In 1980 he joined the Delbert McClinton band. Other band members were Billy Sanders, James Pennebaker, Larry Lange, Robert Harwell, Ernie Durawa, Roddy Colona and others. He also played piano on many of the tracks on Carole King's albums Touch the Sky and One to One and appears on her vhs recording of the same name.

1985–1990: Stevie Ray Vaughan & Double Trouble
Wynans joined Stevie Ray Vaughan and Double Trouble in 1985, playing keyboards on Soul to Soul and In Step. Wynans performed with the group until Vaughan's death in 1990.

After Vaughan's death, Wynans joined the touring bands of Joe Ely and Lee Roy Parnell.

1992–present
Since moving to Nashville, Tennessee, in 1992, Wynans has played keyboards for a number of country artists including Brooks & Dunn, Trisha Yearwood, Martina McBride, and Hank Williams Jr. Wynans has also played for blues artists Buddy Guy, John Mayall, Kenny Wayne Shepherd, Colin James, Ana Popovic, Dudley Taft, Eli Cook, and Los Lonely Boys.

Wynans performed on six of the 13 songs on The Nashville Sessions, a 1999 album released by Colorado jamband Leftover Salmon. The album featured many musical collaborations, with Wynans contributions coming on songs featuring musicians such as Béla Fleck, Jerry Douglas, and Randy Scruggs.

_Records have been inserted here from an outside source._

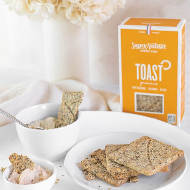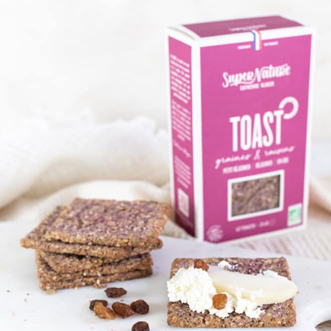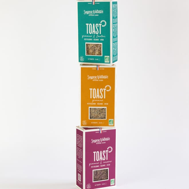 Ces Toasts nomades à tartiner & à dipper fabriqués en France à partir d'ingrédients bruts, certifiés BIO ont des propriétés nutritionnelles uniques (riches en Oméga 3, riches en fibres, faibles en sucre) une texture biscuitée novatrice et s'adaptent à tous les moments de la journée.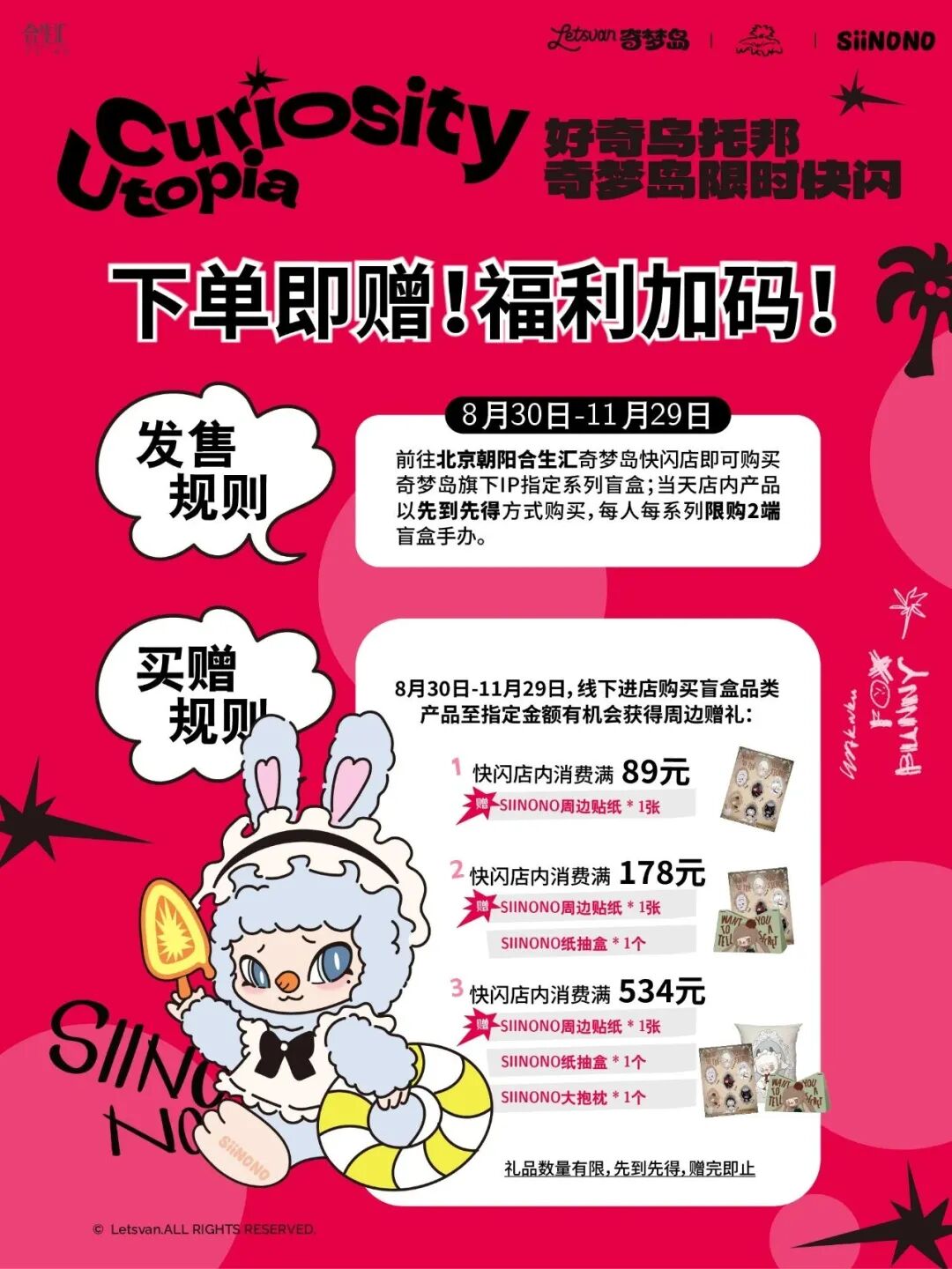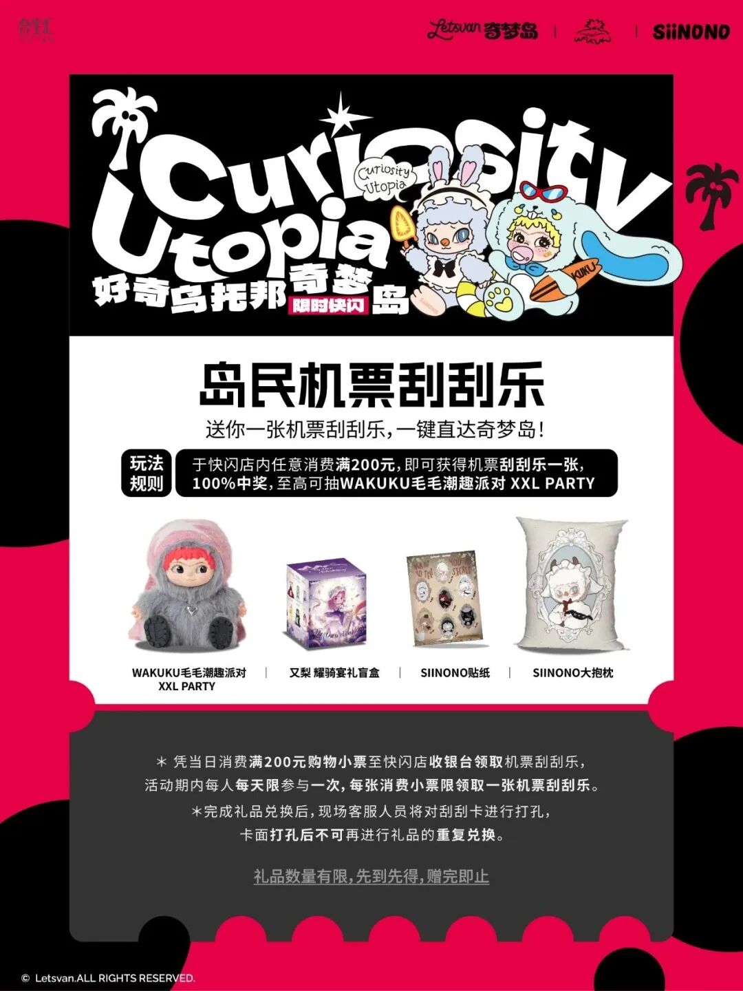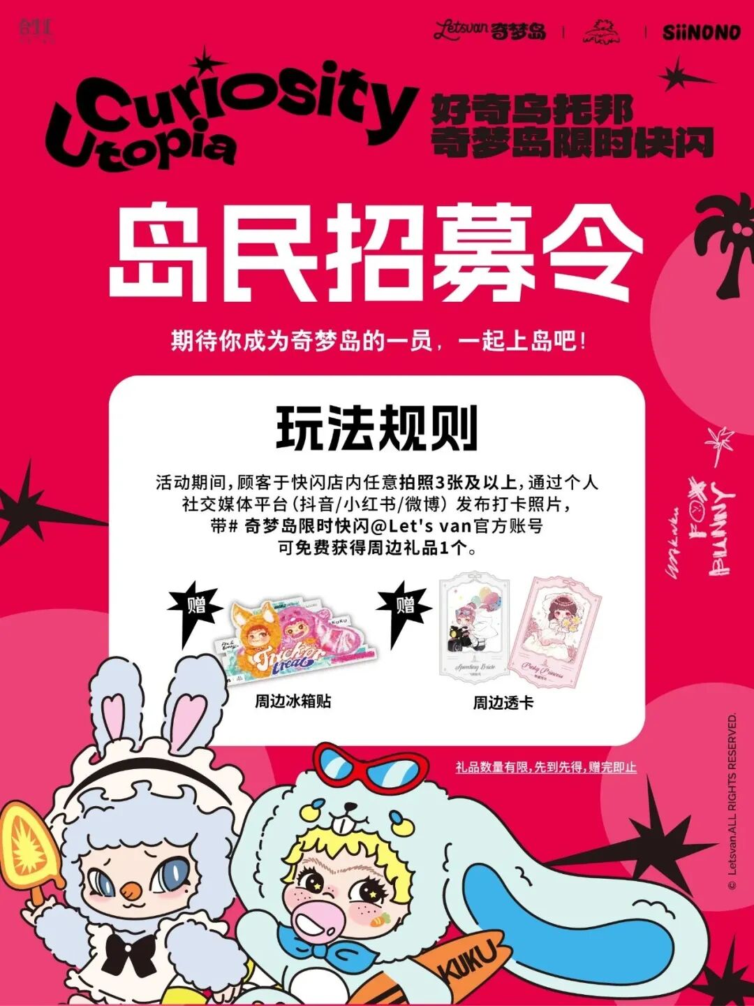 冰箱贴、透卡免费赢,消费满赠刮刮乐,下单即赠周边礼物,现场更有打卡等多重岛民专属惊喜活动,等你来参与!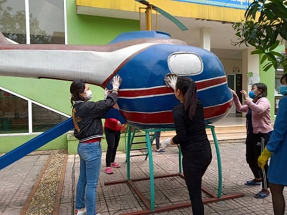 Ngoài việc vệ sinh sạch sẽ trong lớp và những đồ dùng đồ chơi của trẻ trong lớp giáo viên còn phải vệ sinh sạch sẽ tất cả các đồ chơi ngoài trời bằng nước khử khuẩn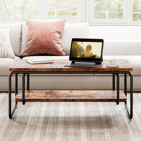 47" Coffee Table, Rectangle Coffee Table with 2-Tier Storage and Rounded Corner

In 2006, Wynans contributed B3 organ to two songs on the self-titled album from Black Stone Cherry.

Wynans frequently performs live at 3rd & Lindsley Bar and Grill in Nashville, with a number of established local bands, usually consisting of Nashville session musicians.

In late 2014 and early 2015, Wynans was inducted into the Musician's Hall of Fame, Austin City Limits, and the Rock and Roll Hall of Fame all as a part of Stevie Ray Vaughan & Double Trouble.

In 2015, he became the touring keyboard player for blues rock guitarist Joe Bonamassa. Wynans had previously played keyboards on Bonamassa's 2014 album Different Shades of Blue and his "Muddy Wolf" tour, where Bonamassa played songs originally recorded by Muddy Waters and Howlin' Wolf. Wynans appeared with Bonamassa on his winter 2016 tour and featured on his album Blues of Desperation.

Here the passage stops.